## [Information]
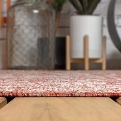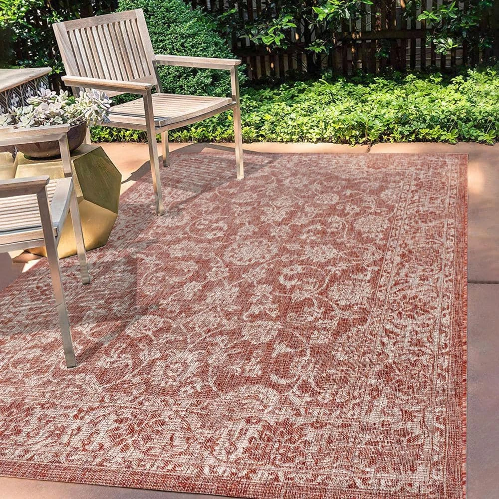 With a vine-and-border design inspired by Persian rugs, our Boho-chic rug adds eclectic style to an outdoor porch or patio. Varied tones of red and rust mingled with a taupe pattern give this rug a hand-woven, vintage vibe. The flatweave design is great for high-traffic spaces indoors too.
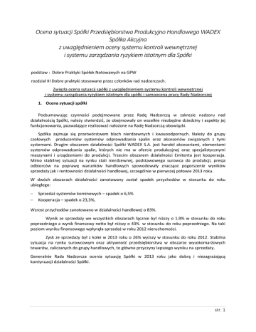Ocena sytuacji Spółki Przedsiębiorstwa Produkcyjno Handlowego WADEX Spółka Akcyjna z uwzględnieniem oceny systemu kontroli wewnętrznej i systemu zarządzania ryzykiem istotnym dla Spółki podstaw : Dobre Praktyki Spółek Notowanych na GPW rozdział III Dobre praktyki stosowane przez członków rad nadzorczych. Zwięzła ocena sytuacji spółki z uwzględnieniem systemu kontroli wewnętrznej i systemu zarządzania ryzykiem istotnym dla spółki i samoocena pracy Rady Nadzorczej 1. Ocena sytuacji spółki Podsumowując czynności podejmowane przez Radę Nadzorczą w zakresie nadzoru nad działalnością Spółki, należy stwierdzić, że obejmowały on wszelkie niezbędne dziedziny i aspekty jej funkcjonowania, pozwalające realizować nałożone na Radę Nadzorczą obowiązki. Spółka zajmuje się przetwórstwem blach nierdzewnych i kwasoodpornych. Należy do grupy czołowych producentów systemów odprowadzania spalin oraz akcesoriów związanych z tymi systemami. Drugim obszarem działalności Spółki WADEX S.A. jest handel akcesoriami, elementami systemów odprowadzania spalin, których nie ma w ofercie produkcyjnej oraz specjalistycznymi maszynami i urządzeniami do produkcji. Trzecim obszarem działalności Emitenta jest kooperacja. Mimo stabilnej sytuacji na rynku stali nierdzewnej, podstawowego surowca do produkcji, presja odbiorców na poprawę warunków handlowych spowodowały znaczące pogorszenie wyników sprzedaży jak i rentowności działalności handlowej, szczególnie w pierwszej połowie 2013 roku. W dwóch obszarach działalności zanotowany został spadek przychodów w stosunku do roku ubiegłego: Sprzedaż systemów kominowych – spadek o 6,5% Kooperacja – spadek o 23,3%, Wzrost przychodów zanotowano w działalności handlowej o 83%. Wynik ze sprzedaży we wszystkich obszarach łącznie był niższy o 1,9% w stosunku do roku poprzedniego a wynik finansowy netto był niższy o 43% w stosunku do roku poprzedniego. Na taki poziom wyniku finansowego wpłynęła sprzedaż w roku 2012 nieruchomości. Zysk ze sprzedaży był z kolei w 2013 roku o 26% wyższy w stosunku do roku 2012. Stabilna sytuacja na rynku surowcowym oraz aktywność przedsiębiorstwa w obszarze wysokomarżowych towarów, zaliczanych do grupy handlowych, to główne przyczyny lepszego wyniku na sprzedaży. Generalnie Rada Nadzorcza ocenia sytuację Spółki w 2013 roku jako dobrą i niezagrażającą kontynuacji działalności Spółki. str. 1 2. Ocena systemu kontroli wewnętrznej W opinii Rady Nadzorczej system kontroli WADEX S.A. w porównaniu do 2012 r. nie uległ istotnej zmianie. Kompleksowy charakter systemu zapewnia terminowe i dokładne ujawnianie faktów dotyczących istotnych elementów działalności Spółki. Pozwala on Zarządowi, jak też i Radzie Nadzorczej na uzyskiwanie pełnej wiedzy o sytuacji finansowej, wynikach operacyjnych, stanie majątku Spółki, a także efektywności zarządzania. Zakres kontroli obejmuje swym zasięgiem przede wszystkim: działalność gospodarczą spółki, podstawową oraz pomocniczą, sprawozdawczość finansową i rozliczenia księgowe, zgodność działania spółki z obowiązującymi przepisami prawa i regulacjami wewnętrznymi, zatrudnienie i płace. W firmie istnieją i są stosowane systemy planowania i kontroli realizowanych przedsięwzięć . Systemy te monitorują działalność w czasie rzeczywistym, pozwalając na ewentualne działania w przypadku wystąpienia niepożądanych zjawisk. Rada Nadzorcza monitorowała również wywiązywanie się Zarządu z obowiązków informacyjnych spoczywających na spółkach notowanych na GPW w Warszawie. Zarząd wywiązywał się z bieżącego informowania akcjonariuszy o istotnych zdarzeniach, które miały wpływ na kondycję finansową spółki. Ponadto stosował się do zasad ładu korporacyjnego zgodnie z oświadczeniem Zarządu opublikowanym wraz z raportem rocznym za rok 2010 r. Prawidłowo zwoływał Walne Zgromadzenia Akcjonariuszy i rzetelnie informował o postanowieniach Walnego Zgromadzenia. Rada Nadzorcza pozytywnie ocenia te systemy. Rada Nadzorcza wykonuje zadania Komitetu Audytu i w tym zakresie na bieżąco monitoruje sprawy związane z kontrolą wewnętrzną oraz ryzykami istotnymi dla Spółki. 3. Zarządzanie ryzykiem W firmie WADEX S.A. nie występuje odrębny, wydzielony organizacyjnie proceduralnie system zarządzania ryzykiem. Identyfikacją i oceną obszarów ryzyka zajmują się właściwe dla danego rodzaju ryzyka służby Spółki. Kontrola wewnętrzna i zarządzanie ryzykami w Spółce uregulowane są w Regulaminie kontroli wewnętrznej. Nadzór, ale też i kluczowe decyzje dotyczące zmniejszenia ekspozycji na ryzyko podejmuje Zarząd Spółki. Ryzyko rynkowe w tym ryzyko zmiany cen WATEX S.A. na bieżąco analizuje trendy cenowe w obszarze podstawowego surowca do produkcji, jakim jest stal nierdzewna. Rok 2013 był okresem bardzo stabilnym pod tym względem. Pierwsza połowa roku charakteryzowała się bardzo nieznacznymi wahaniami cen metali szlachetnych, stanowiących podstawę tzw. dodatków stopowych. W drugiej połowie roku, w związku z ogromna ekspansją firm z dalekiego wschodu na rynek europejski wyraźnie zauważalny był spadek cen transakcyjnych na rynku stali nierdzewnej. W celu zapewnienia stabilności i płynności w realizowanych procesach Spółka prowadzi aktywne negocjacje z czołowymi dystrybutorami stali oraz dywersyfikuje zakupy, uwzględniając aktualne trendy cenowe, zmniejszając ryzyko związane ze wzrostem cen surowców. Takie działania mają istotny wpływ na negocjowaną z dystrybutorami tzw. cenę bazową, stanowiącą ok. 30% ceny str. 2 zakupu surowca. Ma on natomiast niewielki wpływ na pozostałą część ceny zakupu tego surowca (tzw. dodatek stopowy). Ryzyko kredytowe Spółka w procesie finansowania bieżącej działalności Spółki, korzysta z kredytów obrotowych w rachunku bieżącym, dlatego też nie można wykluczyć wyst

---

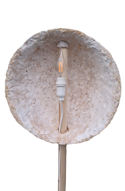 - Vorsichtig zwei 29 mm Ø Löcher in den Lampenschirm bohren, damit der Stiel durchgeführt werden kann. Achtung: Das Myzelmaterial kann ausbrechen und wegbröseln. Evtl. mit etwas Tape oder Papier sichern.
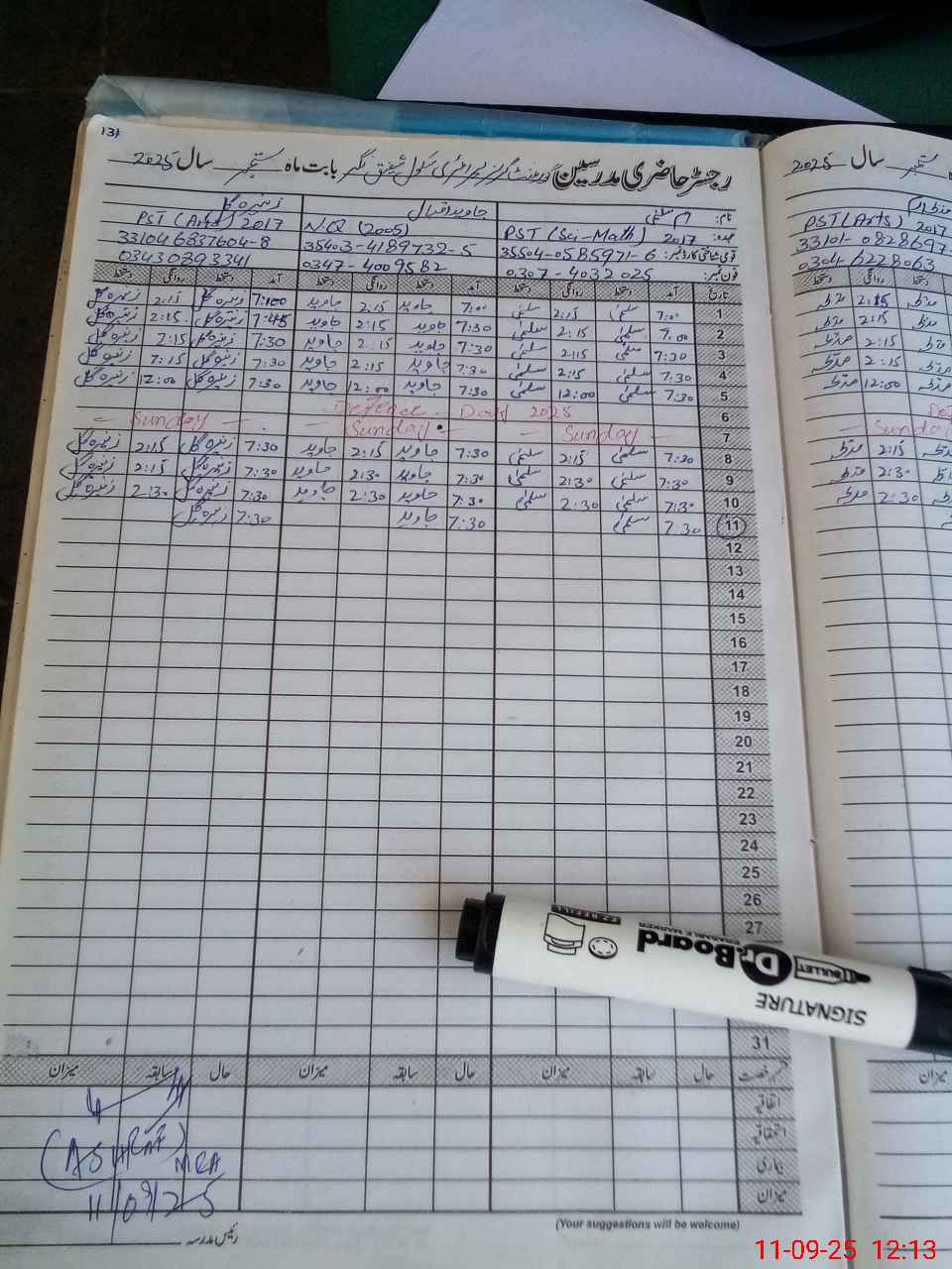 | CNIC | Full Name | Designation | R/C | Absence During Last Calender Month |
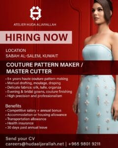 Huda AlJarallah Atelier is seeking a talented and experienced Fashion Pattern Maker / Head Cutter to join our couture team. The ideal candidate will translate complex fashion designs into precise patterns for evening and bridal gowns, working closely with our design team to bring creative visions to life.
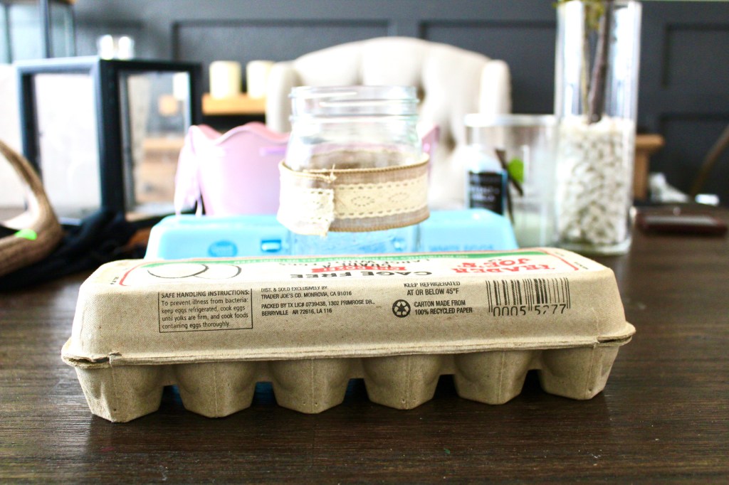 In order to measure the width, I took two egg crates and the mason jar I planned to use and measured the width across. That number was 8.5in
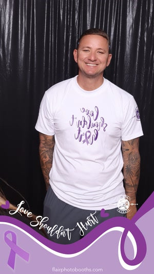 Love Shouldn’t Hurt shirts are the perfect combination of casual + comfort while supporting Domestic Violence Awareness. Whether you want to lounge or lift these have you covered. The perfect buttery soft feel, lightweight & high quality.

## [Exercise goal]
I would like the exact lines from the data above, starting with the one that holds "- Vorsichtig zwei" and going on through the one that holds "Calender Month |", without the pictures.

## [Solution for this exercise]
 - Vorsichtig zwei 29 mm Ø Löcher in den Lampenschirm bohren, damit der Stiel durchgeführt werden kann. Achtung: Das Myzelmaterial kann ausbrechen und wegbröseln. Evtl. mit etwas Tape oder Papier sichern.
 | CNIC | Full Name | Designation | R/C | Absence During Last Calender Month |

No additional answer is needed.